Economics, risks and project examples

Deep geothermal energy:

In Germany, geothermal energy enjoys feed-in priority under the Renewable Energy Sources Act (EEG). The feed-in tariff to be paid by the electricity customer per kWh for this technology, is adjusted with each new version of the EEG, as for all other renewable energies. These costs, as well as the costs of developing the heat source, must be taken into account in a profitability analysis. In deep geothermal energy, there is a certain risk of discovery if no groundwater is encountered in the target horizon or if the temperature and/or the bulk rate of the groundwater is too low. Since the investment costs of a well, some of which are several thousand meters deep, are relatively high, this economic risk is also increased. The components in contact with the deep groundwater are subject to strong corrosive attack in some cases, which means higher wear of the plant components and thus maintenance and repair costs. The heat output installed in Germany in 2015 was about 271 MW, and the installed electrical output was about 35 MW. An overview of existing plants is available at www.geothermie.de or www.tiefegeothermie.de.
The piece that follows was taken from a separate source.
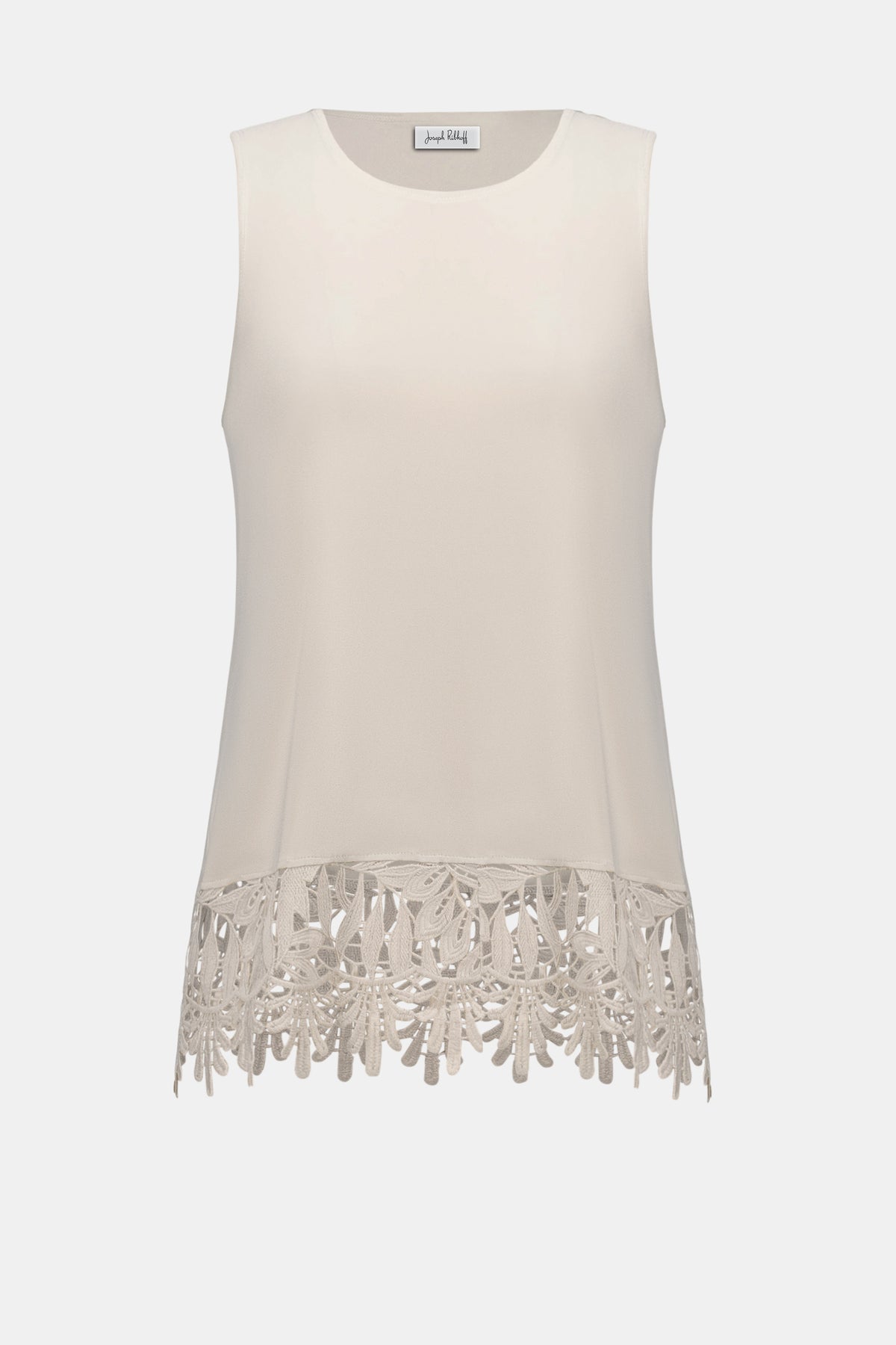 This sleeveless silky knit top features a straight silhouette, finished with a scalloped guipure lace hem that brings subtle texture and a refined, elegant touch.

Surface geothermal energy:

If the heating system is not properly or inadequate design of the heat source, the subsurface may be overstressed during its service life, i.e., subsurface temperatures drop, correspondingly reducing the heat pump's coefficient of performance and thus increasing the heat pump's power consumption. There is no discovery risk, except in the case of a well system. As of 2014, a total of approximately 316,000 heat pump systems were in operation in Germany, providing a total heat output of 3,931 MW. The newly installed number of systems in 2015 was 18,500 with a heating capacity of 196 MW. An overview of realized projects in Germany is available at www.erdwaermeliga.de or www.geothermie.de.

Conclusion

Risks cannot be ruled out, as with any construction project in both shallow and deep geothermal energy. In the case of deep geothermal energy, the plants are in most cases equipped with state-of-the-art measurement technology that registers and records the smallest events such as quakes and terrain shifts, some of which occur well below the threshold of perception. However, it cannot be ruled out that unforeseen slightly amplified earthquakes induced by the drilling operations may occur, even if they do not usually cause any damage. Even if a causal connection with the power plant cannot be established, the events fuel fears among the population. Citizens' initiatives are forming and exerting pressure on local politicians and authorities. Deep geothermal energy will probably continue to play a subordinate role in the German electricity transition, not least because of the dense population and limited site compatibility. By contrast, in the heat turnaround, there is significantly greater potential with cold or warm local heating networks. Accordingly, near-surface geothermal energy with space heating and water heating using heat pumps still has great potential in renovation construction and especially in new construction. The upward trend that has emerged in recent years is likely to continue, even with the recent decline in prices for petroleum products.